Find the line containing "LONGCHAMP - sac", then print it and each line after it through the end of the listing exactly, with no pictures.

===== Provided material =====

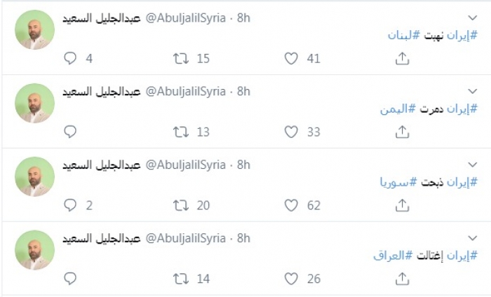 وكتب في تغريدة عبر "تويتر" رصدها "المشهد العربي": "إيران اغتالت العراق وذبحت سوريا ودمرت اليمن ونهبت لبنان".
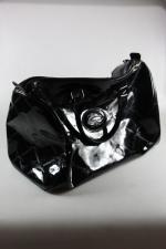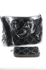 LONGCHAMP - sac porté main et compagnon assortis noirs vernis (35 x 25 cm et 20 x 11 cm) intérieur bleu - très bon état
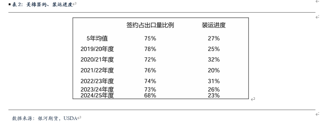 需求端从美棉签约情况来看,根据USDA最新出口销售数据,截至12月12日,美棉累计签约量为163.45万吨,当前签约进度为68%,较五年均值落后7个百分点;美棉累计装运情况来看,美棉累计装运54.69万吨,当前装运进度为23%,较五年均值落后5个百分点,目前签约进度仍处于历年同期较低的位置。

=====

## Output of the task
 LONGCHAMP - sac porté main et compagnon assortis noirs vernis (35 x 25 cm et 20 x 11 cm) intérieur bleu - très bon état
 需求端从美棉签约情况来看,根据USDA最新出口销售数据,截至12月12日,美棉累计签约量为163.45万吨,当前签约进度为68%,较五年均值落后7个百分点;美棉累计装运情况来看,美棉累计装运54.69万吨,当前装运进度为23%,较五年均值落后5个百分点,目前签约进度仍处于历年同期较低的位置。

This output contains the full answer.